Tuesday, August 6, 2013

Am I being completely honest with myself?

“The heart is more deceitful than all else and is desperately sick; who can understand it?”  Jeremiah 17:9 NASB

As I shared in the message on Sunday, we are discussing a series of four questions that if used regularly, can help us to make decisions without regret.  The first question is “What story do I want to tell?”  This question helps to remind us that the decisions we make today will become part of our story tomorrow.

Today’s question gets a bit more personal.  It is simply, “Am I being completely honest with myself?”  At first this may seem contradictory, can we really deceive ourselves?  According to the Scripture, we can.

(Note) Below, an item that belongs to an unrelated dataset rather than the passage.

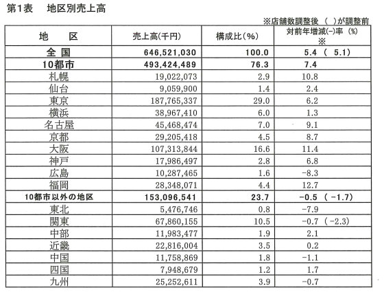 地区別では、インバウンド効果から好調を維持した9地区で前年実績をクリア。福岡、大阪、札幌は二桁増だった一方で、広島だけは8.3%減と4カ月連続でマイナスとなっている。4地区で前年割れとなった地方はマイナスに転じた。

The context for this verse in Jeremiah is somewhat complicated, so I’ll try to simplify it for brevity.  Basically, Jeremiah is a prophet in Israel during a time when the nation of Israel is being judged.  The northern kingdom had already fallen, and all that remained of God’s chosen people where in the southern kingdom of Judah.  The Babylonians had recently conquered Egypt, and controlled the region completely.  Their king, Nebuchadnezzar was a mighty warrior, and had been very successful in battle as evidenced by his expanding empire.  God was using Nebuchadnezzar to judge the children of Israel.
On two separate occasions, Nebuchadnezzar had set up a “vassal” king in Jerusalem.  The purpose of these vassal kings was to oversee their small part of the kingdom, but they were not the “real” king.  That was Nebuchadnezzar.  Jeremiah witnessed this, and on both occasions he advised the vassal kings of Judah to simply comply with the requests from Babylon.  Unfortunately, on both occasions these kings decided they would liberate the people of Israel, and take on Babylon in war.  Needless to say, both times their efforts failed, miserably.

It’s against this background that Jeremiah ponders the condition of the human heart, determining that it is “deceitful, and desperately sick.”  Some translations will say, “Beyond cure.”  Sounds pretty desperate huh?

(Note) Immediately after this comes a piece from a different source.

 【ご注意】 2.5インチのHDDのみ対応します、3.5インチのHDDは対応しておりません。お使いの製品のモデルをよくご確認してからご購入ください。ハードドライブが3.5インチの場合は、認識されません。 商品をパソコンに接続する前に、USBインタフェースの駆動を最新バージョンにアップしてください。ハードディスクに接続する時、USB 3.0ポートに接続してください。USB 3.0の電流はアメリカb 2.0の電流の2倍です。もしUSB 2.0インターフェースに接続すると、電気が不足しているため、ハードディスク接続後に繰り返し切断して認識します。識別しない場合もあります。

Where this fits into our decision making template is that for us to make good decisions, we have to be VERY honest with ourselves about our desires.  Without searching too hard, we can all drag up a memory of a time when we wanted something and just the desire alone caused our minds to go into full rationalization mode.  You know?  I need a bigger house because… It will give us more room for our family… or it will be an investment in our future… or even, it will give us a place for the church group to come over for small group.  None of these are bad reasons, unless… Unless the real reason we want a bigger house is because we feel like owning a larger home will give us some sort of status or say something about how we have “made it” in life.  This is a simplistic, and maybe even silly example, but it is indicative of how our heart can in some ways conspire against us in the process of making good decisions.

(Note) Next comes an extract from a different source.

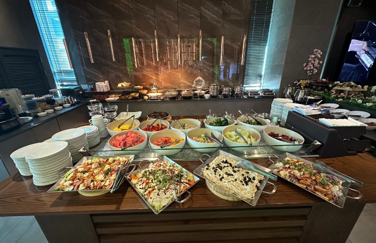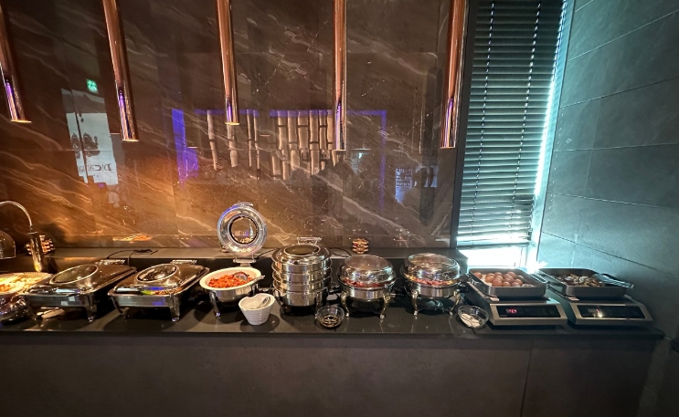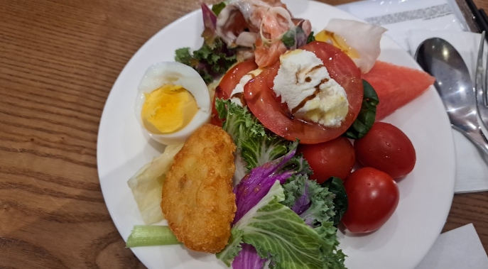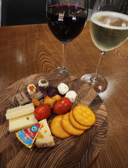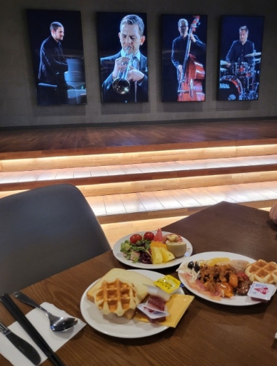 조식은 생각보다 맛있었어요. 특히 한식! 순두붓국과 밑반찬들이 모두 맛있었고 다른 음식들도 다 괜찮았습니다. 과일도 다양하고 신선하고 달콤했어요! 서비스로 나오는 와인과 치즈는 분위기 내기 괜찮은 정도? 근데 다음에 간다면 커피로 바꿔 먹을거에요..ㅎ

Jeremiah’s choice of the word “deceitful” is interesting.  Deceit is not dishonesty.  Dishonesty we recognize pretty quickly, and will avoid.  It is also not deviousness, which can be playful even.  No, deceit is sinister.  It mixes truth with falsehood and omission with the intent of leading to a false conclusion.  Deceit is harder to recognize, and this is a tool that our enemy will use to cause us to make poor decisions, decisions that will sometimes even limit our ability or our effectiveness in the Kingdom.
So, we ask the question “Am I being completely honest with myself?”  And when we do, we have a new opportunity to discuss with the Lord, the real intention behind our decision.

If you are like me, and you have given your life to Christ, then you will immediately recognize that there is a bit of a dilemma here.  The dilemma is that although our hearts may be deceitful in their natural state, in Christ we are a new creation.  With that new creation comes a new heart, and a new capacity to make spirit-led decisions.

This gets tricky for us because of the “tug-o-war” that sometimes happens in our lives.  Paul communicated this conflict between the two natures in Romans 7:15 “For that which I am doing, I do not understand; for I am not practicing what I would like to do, but I am doing the very thing I hate;” Concluding in v. 24 “Who will set me free from the body of this death?”  Praise the Lord, through Jesus Christ we are set free!

So as you approach these situations where the consequences are high, be sure to ask yourself if you are being completely honest with yourself about your motivations.  Most likely you are, but a self-check is always a good idea.  If we’ll do this regularly, then we’ll make better decisions and live with fewer regrets.

Scripture to Claim:
“Watch over your heart with all diligence, for from it flow the springs of life.”